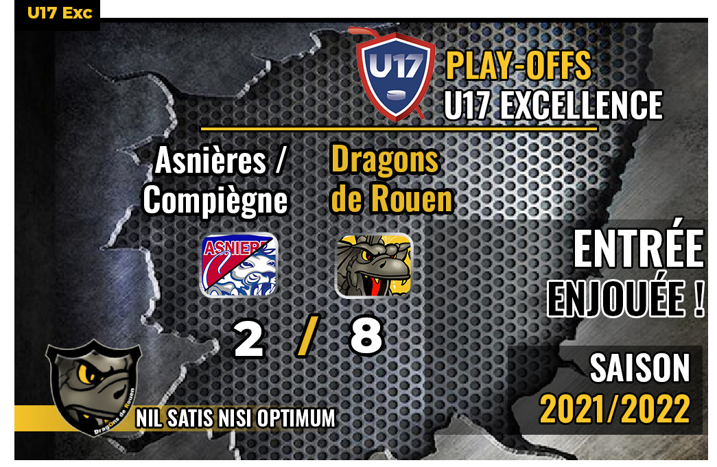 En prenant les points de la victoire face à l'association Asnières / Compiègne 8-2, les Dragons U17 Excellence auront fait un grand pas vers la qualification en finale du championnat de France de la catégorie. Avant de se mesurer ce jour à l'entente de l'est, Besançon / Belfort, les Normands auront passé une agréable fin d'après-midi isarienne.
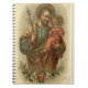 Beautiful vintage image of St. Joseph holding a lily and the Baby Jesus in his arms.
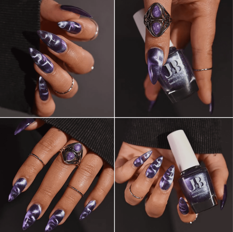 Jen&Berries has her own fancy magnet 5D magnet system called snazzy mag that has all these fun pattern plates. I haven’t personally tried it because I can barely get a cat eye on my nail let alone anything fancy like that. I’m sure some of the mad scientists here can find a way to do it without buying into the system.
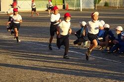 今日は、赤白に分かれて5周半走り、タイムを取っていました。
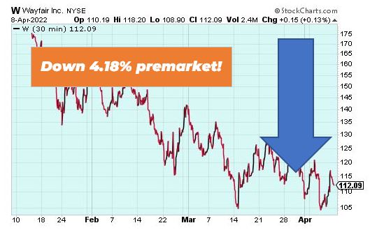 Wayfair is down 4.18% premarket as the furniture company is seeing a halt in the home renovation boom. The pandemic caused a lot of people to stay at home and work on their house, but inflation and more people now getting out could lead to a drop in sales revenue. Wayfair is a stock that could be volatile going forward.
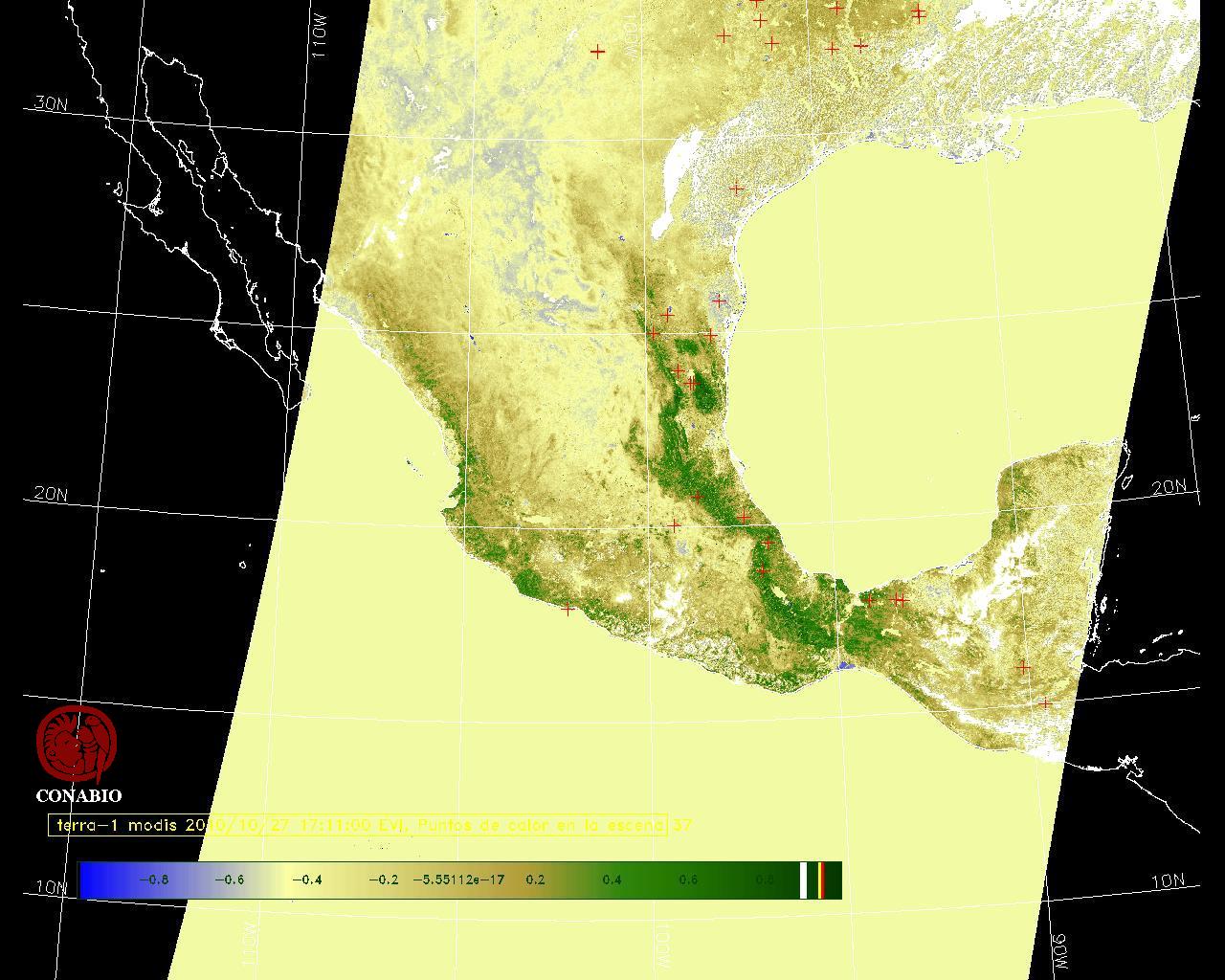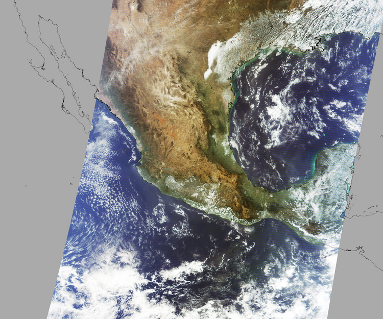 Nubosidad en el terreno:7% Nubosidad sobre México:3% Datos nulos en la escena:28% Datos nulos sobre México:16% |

> What the exercise asks
Give every entry above again, exactly, and keep all pictures out of it.

> Result for this exercise
 En prenant les points de la victoire face à l'association Asnières / Compiègne 8-2, les Dragons U17 Excellence auront fait un grand pas vers la qualification en finale du championnat de France de la catégorie. Avant de se mesurer ce jour à l'entente de l'est, Besançon / Belfort, les Normands auront passé une agréable fin d'après-midi isarienne.
 Beautiful vintage image of St. Joseph holding a lily and the Baby Jesus in his arms.
 Jen&Berries has her own fancy magnet 5D magnet system called snazzy mag that has all these fun pattern plates. I haven’t personally tried it because I can barely get a cat eye on my nail let alone anything fancy like that. I’m sure some of the mad scientists here can find a way to do it without buying into the system.
 今日は、赤白に分かれて5周半走り、タイムを取っていました。
 Wayfair is down 4.18% premarket as the furniture company is seeing a halt in the home renovation boom. The pandemic caused a lot of people to stay at home and work on their house, but inflation and more people now getting out could lead to a drop in sales revenue. Wayfair is a stock that could be volatile going forward.
 Nubosidad en el terreno:7% Nubosidad sobre México:3% Datos nulos en la escena:28% Datos nulos sobre México:16% |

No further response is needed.